» Information shown

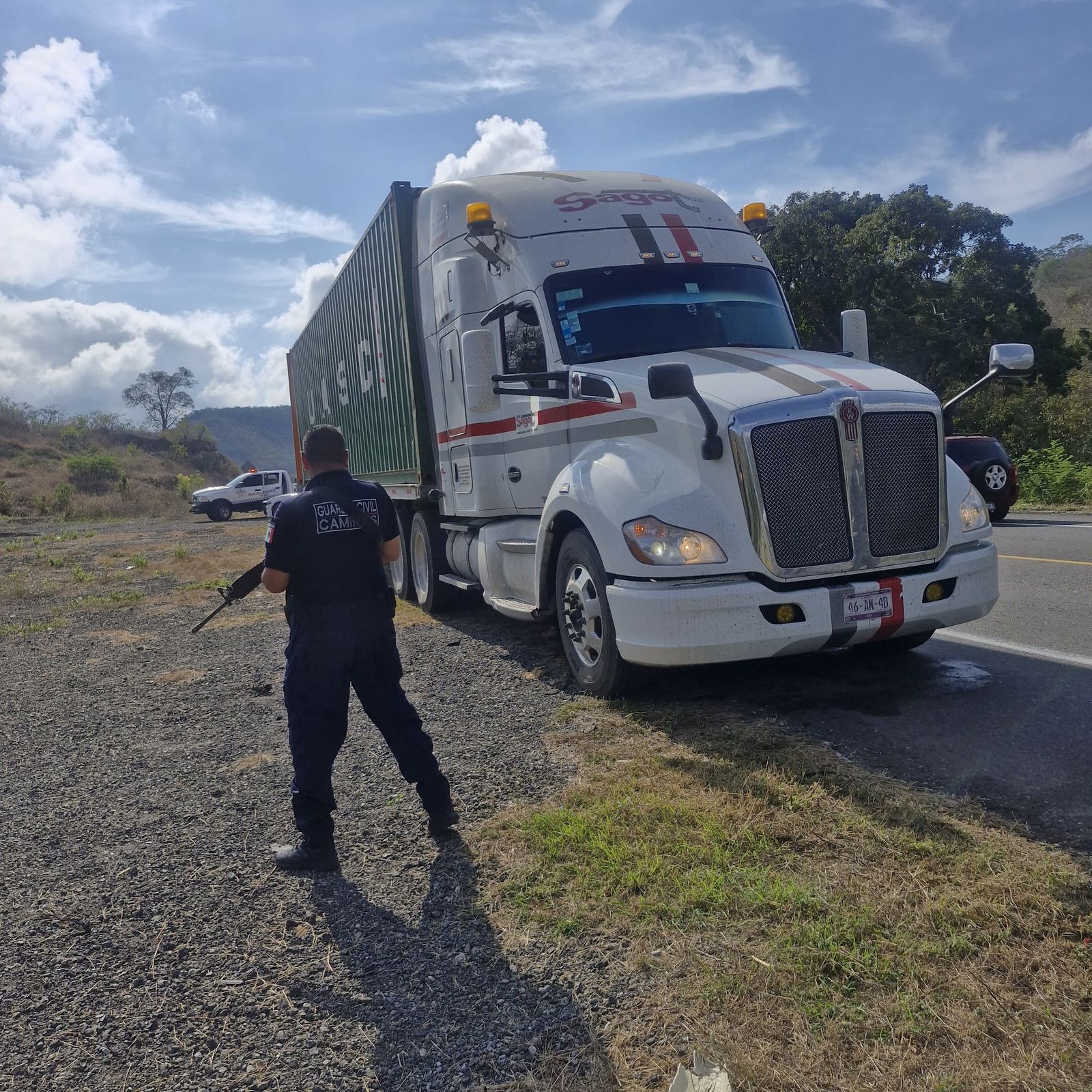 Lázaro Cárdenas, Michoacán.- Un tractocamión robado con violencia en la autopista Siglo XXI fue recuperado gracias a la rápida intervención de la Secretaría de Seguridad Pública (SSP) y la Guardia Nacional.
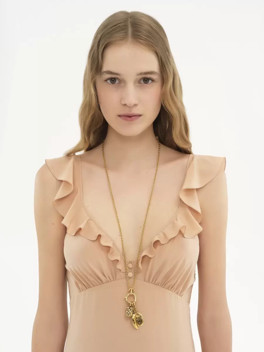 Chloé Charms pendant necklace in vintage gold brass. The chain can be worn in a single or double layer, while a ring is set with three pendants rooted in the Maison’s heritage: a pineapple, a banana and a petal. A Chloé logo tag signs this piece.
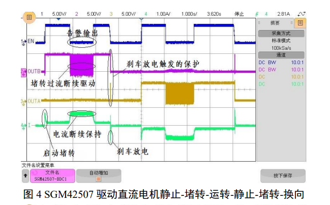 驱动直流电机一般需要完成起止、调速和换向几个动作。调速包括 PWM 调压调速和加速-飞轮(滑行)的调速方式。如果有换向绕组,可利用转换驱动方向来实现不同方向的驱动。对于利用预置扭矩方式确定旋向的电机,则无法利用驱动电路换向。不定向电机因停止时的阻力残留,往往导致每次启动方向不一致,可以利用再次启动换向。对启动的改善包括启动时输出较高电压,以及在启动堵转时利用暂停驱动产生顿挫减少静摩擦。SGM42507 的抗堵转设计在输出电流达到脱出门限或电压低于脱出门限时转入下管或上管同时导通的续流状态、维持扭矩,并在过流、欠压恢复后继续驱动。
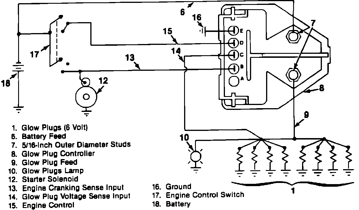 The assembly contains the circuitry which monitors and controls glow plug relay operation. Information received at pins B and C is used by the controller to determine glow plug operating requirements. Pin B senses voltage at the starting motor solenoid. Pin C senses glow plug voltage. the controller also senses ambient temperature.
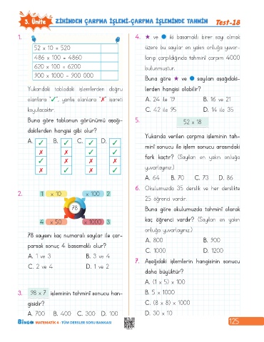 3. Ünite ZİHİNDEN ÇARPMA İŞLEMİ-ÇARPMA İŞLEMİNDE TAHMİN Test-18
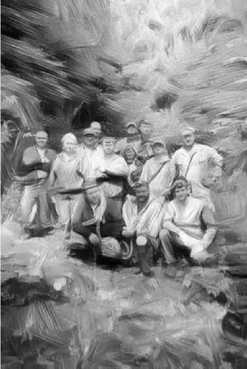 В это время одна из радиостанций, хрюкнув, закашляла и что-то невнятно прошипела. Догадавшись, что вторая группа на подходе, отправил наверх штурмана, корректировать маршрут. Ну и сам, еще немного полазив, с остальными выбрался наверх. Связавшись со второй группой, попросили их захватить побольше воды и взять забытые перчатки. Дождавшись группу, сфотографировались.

» Task directions
Print every line of the material exactly as written, but drop the pictures.

» Completed exercise
 Lázaro Cárdenas, Michoacán.- Un tractocamión robado con violencia en la autopista Siglo XXI fue recuperado gracias a la rápida intervención de la Secretaría de Seguridad Pública (SSP) y la Guardia Nacional.
 Chloé Charms pendant necklace in vintage gold brass. The chain can be worn in a single or double layer, while a ring is set with three pendants rooted in the Maison’s heritage: a pineapple, a banana and a petal. A Chloé logo tag signs this piece.
 驱动直流电机一般需要完成起止、调速和换向几个动作。调速包括 PWM 调压调速和加速-飞轮(滑行)的调速方式。如果有换向绕组,可利用转换驱动方向来实现不同方向的驱动。对于利用预置扭矩方式确定旋向的电机,则无法利用驱动电路换向。不定向电机因停止时的阻力残留,往往导致每次启动方向不一致,可以利用再次启动换向。对启动的改善包括启动时输出较高电压,以及在启动堵转时利用暂停驱动产生顿挫减少静摩擦。SGM42507 的抗堵转设计在输出电流达到脱出门限或电压低于脱出门限时转入下管或上管同时导通的续流状态、维持扭矩,并在过流、欠压恢复后继续驱动。
 The assembly contains the circuitry which monitors and controls glow plug relay operation. Information received at pins B and C is used by the controller to determine glow plug operating requirements. Pin B senses voltage at the starting motor solenoid. Pin C senses glow plug voltage. the controller also senses ambient temperature.
 3. Ünite ZİHİNDEN ÇARPMA İŞLEMİ-ÇARPMA İŞLEMİNDE TAHMİN Test-18
 В это время одна из радиостанций, хрюкнув, закашляла и что-то невнятно прошипела. Догадавшись, что вторая группа на подходе, отправил наверх штурмана, корректировать маршрут. Ну и сам, еще немного полазив, с остальными выбрался наверх. Связавшись со второй группой, попросили их захватить побольше воды и взять забытые перчатки. Дождавшись группу, сфотографировались.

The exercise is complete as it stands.